Which variables in your BUGS code require initialization? Anything you are estimating must be initialized.[7] So, this is everything that has a prior, but also, any variable that is a random effect, which is a bit of an advanced topic now, but I would like for you to tuck that away for later. Think about it this way. When you were writing your own Gibbs sampler, every chain required a value as the first element in the vector holding the chain. That is what you are doing when you specify initial conditions here.

The next couple of statements,

n.xy = nrow(pop.data)

data=list(n=n.xy, x=as.real(pop.data$"Population Size"), y=as.real(pop.data$"Growth Rate"))

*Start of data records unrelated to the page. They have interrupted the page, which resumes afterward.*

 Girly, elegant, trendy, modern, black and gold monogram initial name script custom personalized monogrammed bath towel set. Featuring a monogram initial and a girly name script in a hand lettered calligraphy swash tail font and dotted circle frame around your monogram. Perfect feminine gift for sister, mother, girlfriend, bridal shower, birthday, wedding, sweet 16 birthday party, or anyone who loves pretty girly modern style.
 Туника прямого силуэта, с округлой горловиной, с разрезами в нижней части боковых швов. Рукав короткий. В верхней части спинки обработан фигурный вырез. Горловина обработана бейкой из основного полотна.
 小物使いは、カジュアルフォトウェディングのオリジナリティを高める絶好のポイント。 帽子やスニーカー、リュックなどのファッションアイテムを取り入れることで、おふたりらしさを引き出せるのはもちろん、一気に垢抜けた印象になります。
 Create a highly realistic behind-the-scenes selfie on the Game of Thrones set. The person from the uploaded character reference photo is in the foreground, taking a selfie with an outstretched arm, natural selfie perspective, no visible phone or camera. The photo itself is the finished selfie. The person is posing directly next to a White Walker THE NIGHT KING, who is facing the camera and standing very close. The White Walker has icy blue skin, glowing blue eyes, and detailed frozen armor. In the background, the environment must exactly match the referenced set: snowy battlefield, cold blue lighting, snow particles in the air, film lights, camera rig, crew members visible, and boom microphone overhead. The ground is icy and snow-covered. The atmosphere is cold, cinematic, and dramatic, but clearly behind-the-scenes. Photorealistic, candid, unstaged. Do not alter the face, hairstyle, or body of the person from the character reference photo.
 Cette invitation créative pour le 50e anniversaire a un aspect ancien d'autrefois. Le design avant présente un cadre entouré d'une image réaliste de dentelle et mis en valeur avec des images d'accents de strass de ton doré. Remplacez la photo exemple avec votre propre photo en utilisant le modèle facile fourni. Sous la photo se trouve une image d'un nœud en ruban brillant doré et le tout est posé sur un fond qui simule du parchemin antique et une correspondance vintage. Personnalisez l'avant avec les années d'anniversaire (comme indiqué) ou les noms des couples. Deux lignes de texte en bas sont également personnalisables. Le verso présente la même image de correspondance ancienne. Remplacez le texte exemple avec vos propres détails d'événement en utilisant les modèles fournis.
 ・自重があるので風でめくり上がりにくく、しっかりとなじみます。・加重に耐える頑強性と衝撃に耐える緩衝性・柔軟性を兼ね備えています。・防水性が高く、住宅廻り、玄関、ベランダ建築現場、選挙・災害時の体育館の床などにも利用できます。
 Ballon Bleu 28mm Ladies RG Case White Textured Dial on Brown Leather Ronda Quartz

specify the data that will be used by your BUGS program. Notice that you can assign data vectors on the R side to different names on the BUGS side. For example, the bit that reads

x=as.real(pop.data$"Population Size")

says that the x vector in your BUGS program (see the code above) is composed of the column in your data frame called Population Size and the bit that reads

y=as.real(pop.data$"Growth Rate")

the y vector required by the BUGS program is composed of a column in your data frame called Growth Rate (pretty cool, I think). It is important for you to understand that the lhs of the = in corresponds to the what the data are called in the BUGS program and the rhs of the = is what they are called in R. Also, note that because pop.data is a data frame I used as.real( ) to be sure that BUGS received real numbers instead of characters or factors, as can happen with data frames. This can be particularly important if you have missing data in the data matrix. The n is required in the BUGS program to index the for loop (see the code) and it must be read as data in this statement. By the way, you don’t need to call this list “data”---it could be anything (“apples”, “bookshelves”, “xy” etc.)

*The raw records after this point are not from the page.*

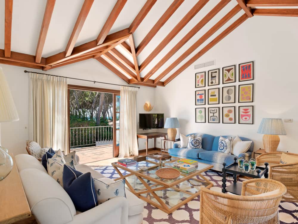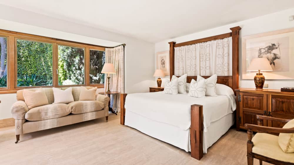 The main house accommodates 14 guests in 7 ensuite bedrooms. The villa also offers a large living room, formal dining area, home gym (complete with weights and various cardio machines), home cinema, wine cellar, full and complete kitchen, and numerous terraces.
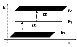 Рассмотрим подробнее возникновение ННЗ вследствие оптического поглощения (внутренний фотоэффект). Возникновение ННЗ проявляется в изменении электрической проводимости полупроводника, и это явление называется фотопроводимостью. Электронные переходы при оптической генерации могут быть различными. Обозначим возможные переходы в полупроводниках под действием света на энергетической зонной диаграмме:
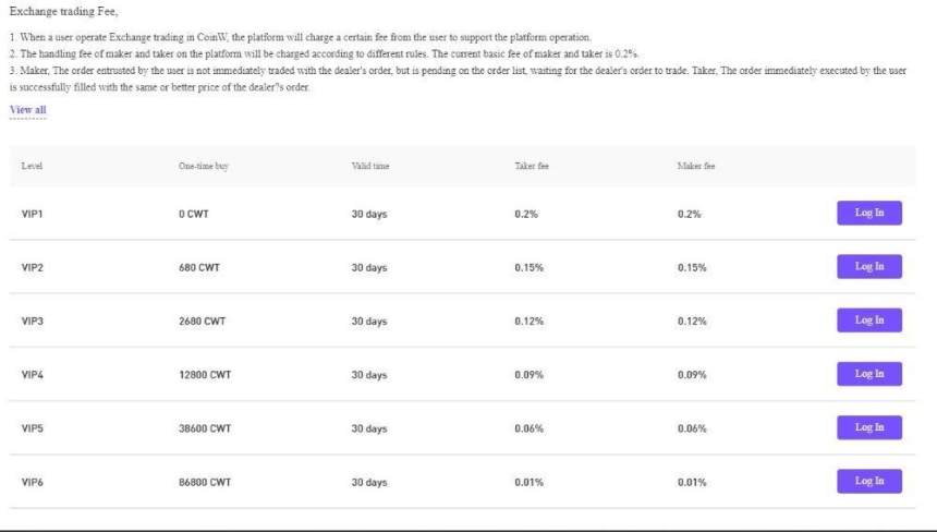 CoinW thu phí 0.2% cho cả người tạo lệnh và người thực hiện lệnh trên mỗi giao dịch.
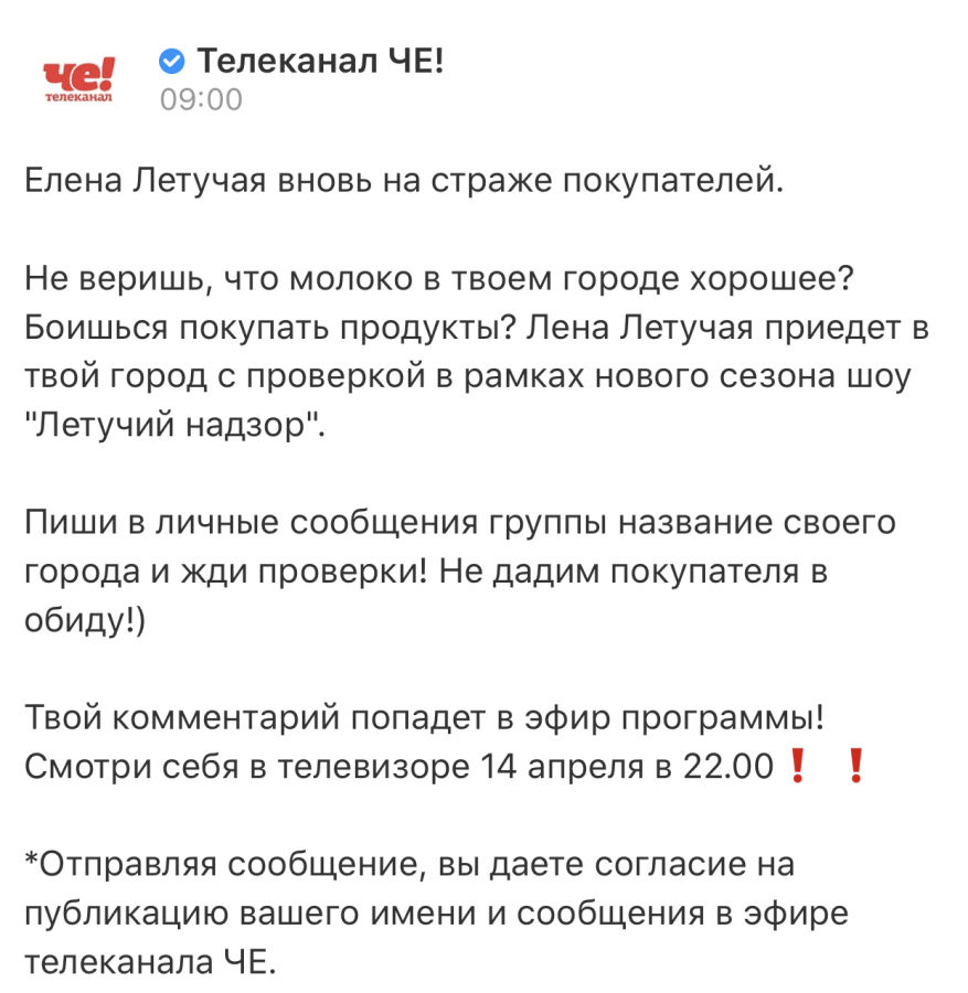 Телеканал «ЧЕ!» многократно проводил в ОК разнообразные спецпроекты с совершенно разными механиками. Спецпроект, приуроченный к выходу нового шоу «Летучий надзор», — особая история. Впервые телеканал решился на вовлечение пользователей, которое напрямую влияет на контент шоу. Пользователи ОК активно вовлекаются в подобные механики, а тема справедливости, которую каждый выпуск восстанавливает Елена Летучая, только подстегивает их интерес.

Interface between R and BUGS: JAGS

This section is for JAGS users. WinBUGS users should go to the next section.

Now that you have a list of data and initial values (which I include below for clarity) for the MCMC chain you make calls to JAGS using the following:

setwd("/Users/Tom/Documents/Ecological Modeling Course/WinBUGS manual/Primer of MCMC Sampling Software for Ecologists/")

rm(list=ls())

pop.data=(read.csv("Logistic Data"))

names(pop.data)=c("Year","Population Size", "Growth Rate")

inits=list(

list(K=1500, r=.5, tau=.05)

)

n.xy = nrow(pop.data)

data=list(n=n.xy, x=as.real(pop.data$"Population Size"), y=as.real(pop.data$"Growth Rate"))

library(rjags)

##call to JAGS

jm=jags.model("Logistic example BUGS.R",data=data,inits,n.chains=length(inits), n.adapt = 10000)

zm=coda.samples(jm,variable.names=c("K", "r", "sigma"), n.iter=50000, n.thin=1)

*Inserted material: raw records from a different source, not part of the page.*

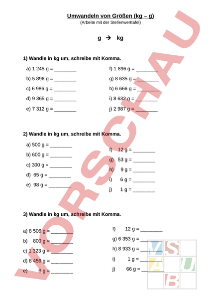 Arbeitsblatt: umwandlung gewicht kg g
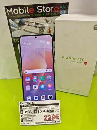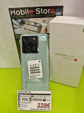 Xiaomi Mi 13T de 8Gb de ram y 256GB de almacenamiento. Se encuentra en perfecto estado y cuenta con garantía de 1 año. -Procesador Dimensity 8200-Ultra -Pantalla AMOLED 6.67" a 144Hz -Batería 5000 mAh, carga rápida de 67W -Cámara principal 50MP + 12MP + 50MP -Cámara frontal 20MP Todos nuestros artículos de segunda mano han sido testeados debidamente para comprobar su correcto funcionamiento. Damos 1 año de garantía en artículos usados y 3 años en artículos nuevos. Quieres verlos? Pásate por alguna de nuestras tiendas: MOBILE STORE MALAGA Avda. de la Aurora, 19 Calle Armengual de la Mota, 10 MALAGA Teléfono (Whatsapp): 627 119 234
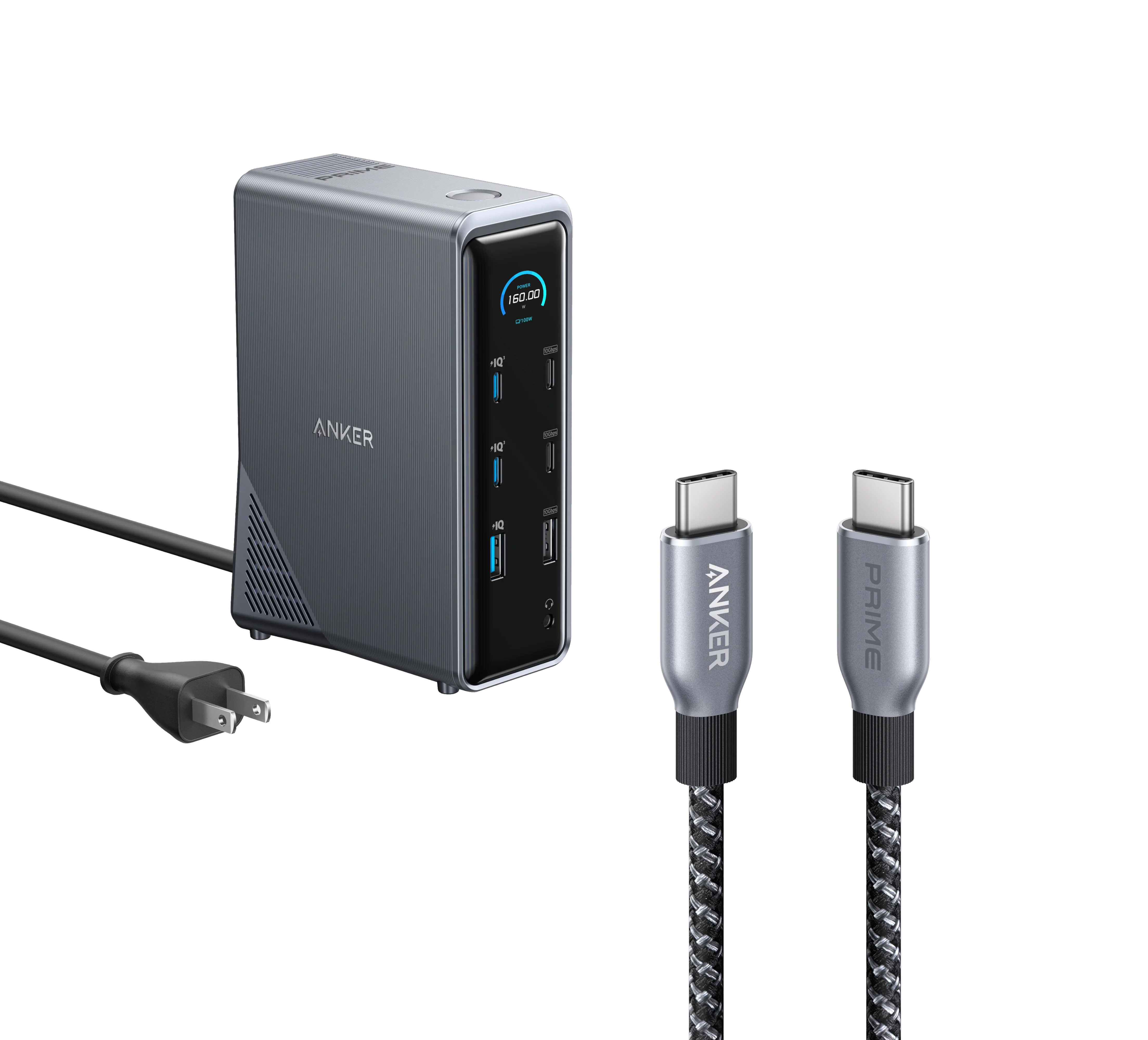 Deliver a powerful charge with 160W of total output, capable of charging up to four devices simultaneously through three USB-C ports at 100W max each and one USB-A port at 12W max.
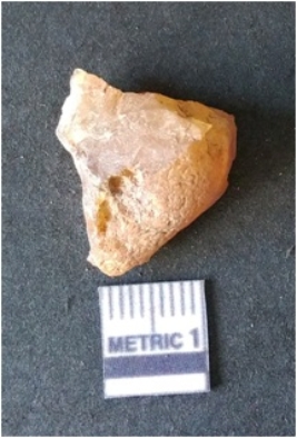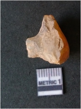 | Description / विवरण | The chalcedony flake is pale yellow in color. Translucent in appurtenance. The piece is shows sharp pointed ends and flake scars on the surface. As a result of flaking. |
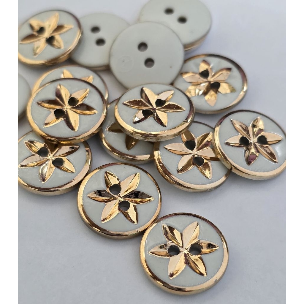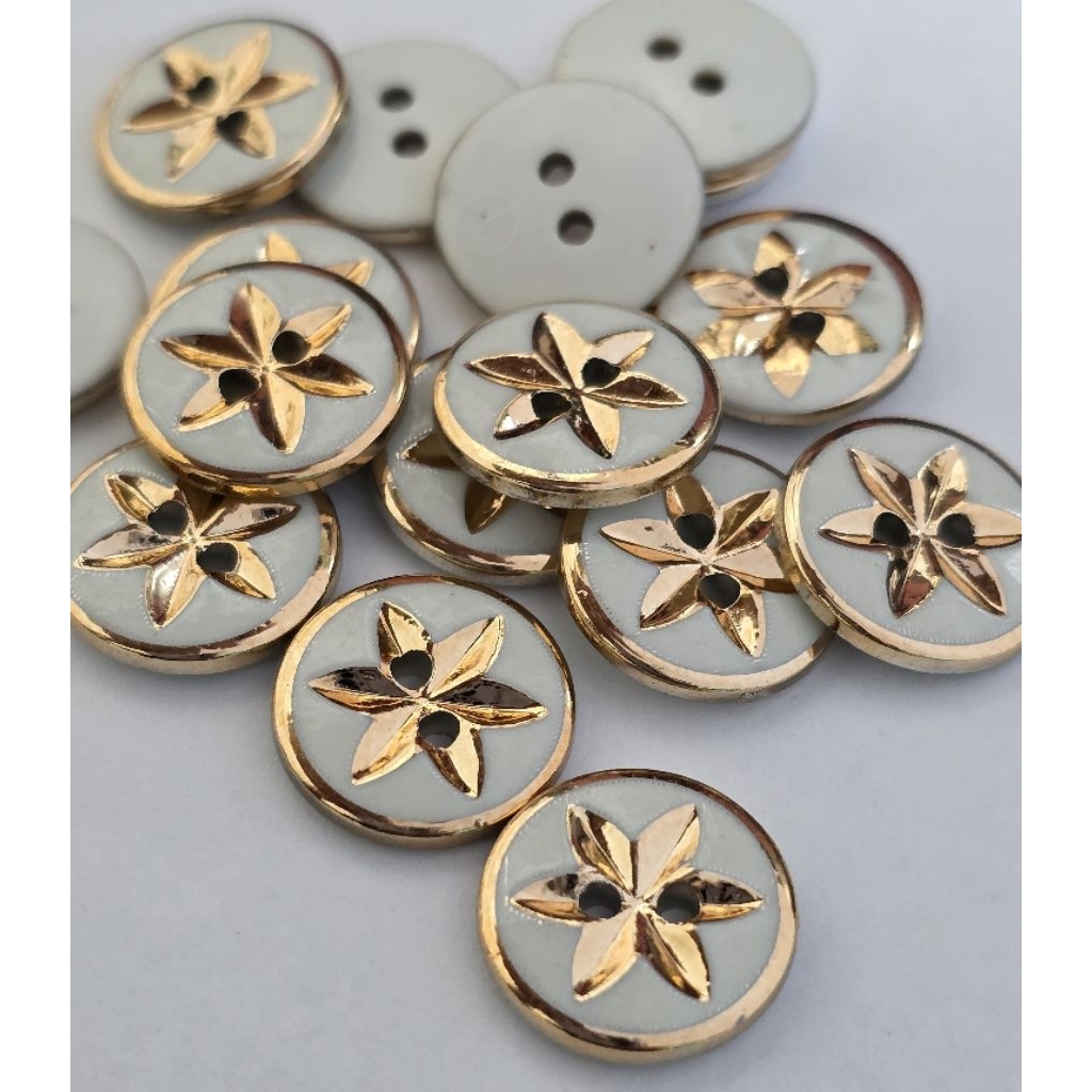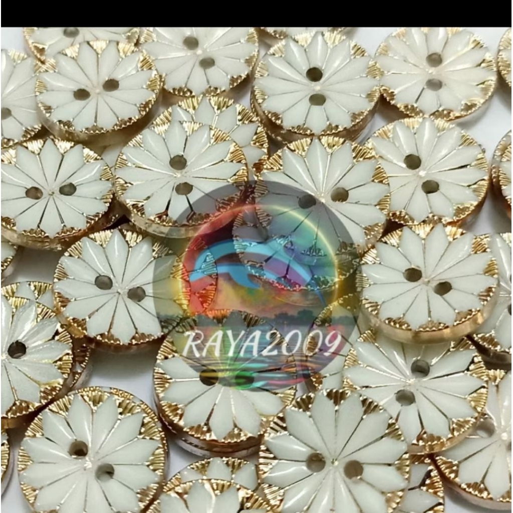 Isi 100 Pcs Kancing Baju Bunga Teratai Bunga putih Hitam Gold Kancing Size 13 mm/15mm 18 mm 21 mm
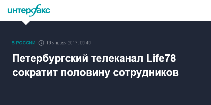 Москва. 18 января. INTERFAX.RU - Петербургский телеканал Life78 в ближайшее время сократит половину сотрудников и будет транслировать федеральный эфир с местными включениями, сообщил "Интерфаксу" источник в холдинге News Media (управляет телеканалом) в среду.

The first statement (jm = ....) creates and initializes then MCMC chain. Its first argument is the name of the file containing the BUGS code. Note that in this case, the file resided in the default working directory, which I specified at the top of the file. Otherwise, you would need to specify the full path name. The next two expressions specify where the data come from, where to get the initial values, and how many chains to create (i.e., the length of the list inits). Finally, it specifies the “burn-in” how many samples to throw away before beginning to save values in the chain. Thus, in this case, we will throw away the first 10,000 values.